The best way to reduce the risk of corruption is to call file.sync() at key points in the program. This is the same as file.close() but the file is not marked closed.

FAT16/FAT32 and exFAT are all about equally susceptible to corruption if files are not closed.

So if you call file.sync() after a sequence of writes, corruption can only happen if power fails during that time.

noisymime commented 2 years ago

The best way to reduce the risk of corruption is to call file.sync() at key points in the program.

Are calls to file.sync() blocking or slow such that these calls need to be handled carefully? All the examples only do the sync() call once logging is completed, but I'm trying to log in a case where power might be cut and graceful completion of the log isn't always possible.

I can, for example, add a file.sync() call every time the ring buffer is written, but if that is likely to cause blocking or performance issues, then I can call it on something like a 1s interval instead.

greiman commented 2 years ago

sync() does a lot of I/O. It flushes the data cache, reads the files directory entry, updates the directory entry and writes it to the SD. sync() causes a huge amount of I/O in the SD since flash pages in the SD are huge compared to the emulated 512 byte sectors so SD buffers are flushed also.

You should measure the time in your app using micros();

  uint32_t m = micros()
  file.sync();
  m = micros() - m;  // time for sync()
RadekPudelko commented 2 years ago

I've done some additional experiments and found that if I setup a static file and only make changes to the data in the file without ever changing its size, it does not corrupt in the event of power failure, although there may be partially written data, which I can easily recover from. I think this strategy could work for me, but I have one concern and that is with wear leveling. Am I correct to assume that writing data into a static file does not call the wear leveling algorithm? I think if it did, I would have seen a corruption, but I could be wrong because I am not sure exactly how and when wear leveling runs. I am not so concerned about using the sectors because the file would be used like a circular buffer, so wear would be distributed.

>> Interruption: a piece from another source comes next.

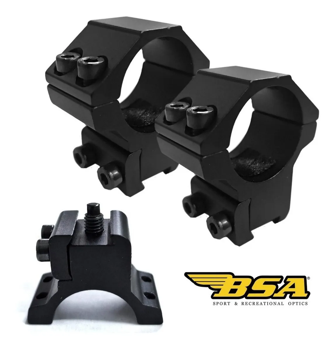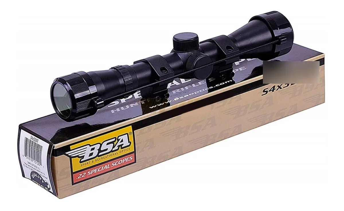 Visor BSA con reticula Mil Dot y montura anillas incluidas. Torretas TONIX Tubo (in. / mm): 1" Longitud: 30 cm Peso: 390 g Reticula Mil dot Montura anillas, 11mm Correción dióptrica, en objetivo. Torretas TONIX con clicks de 1/4 MOA

greiman commented 2 years ago

Don't worry about wear leveling. SD cards keep a database of write counts and map logical to physical address. Data is copied to new areas to even wear. That's why a write occasionally take a long time.

RadekPudelko commented 2 years ago

I am not too worried about the actual wear onto the sd card, but more so about what happens when the sd decides to move data elsewhere. For instance, if I preallocate a file and never and expand it, only writing within its size, I have so far been safe when powering off. I believe this is the case b/c I am writing to the same sectors over and over again. (I could be wrong about this, I don't really know what's going on under the hood). If however the sd card decides that I have used up these sectors too much and it tries to copy my data elsewhere and I lose power, I am not sure what happens. I am worried that file itself gets corrupted in this case, although the stars would really have to align for this to occur. I guess what I am asking is what is going on under the hood when I write within a file over and over again? Am I keeping the same clusters until the sd card decides to move the data over to somewhere less used up?

greiman commented 2 years ago

You can't control where your data is stored in the physical flash pages in the SD. Modern consumer cards use TLC NAND, to store three bits per cell as eight charge levels. Each cell has a life of at most 3,000 erase write cycles - even less in low cost consumer cards.

https://www.kingston.com/en/blog/pc-performance/difference-between-slc-mlc-tlc-3d-nand

These cards frequently remap logical address to new physical flash with a data copy. It is power fail tolerant since the map is changed in a fault tolerant way.

So you can't control or influence what happens in your card. You can write about 1,000 times the size of the card and it doesn't matter where you write.

RadekPudelko commented 2 years ago

Thank you, I think I can build a robust system with this info.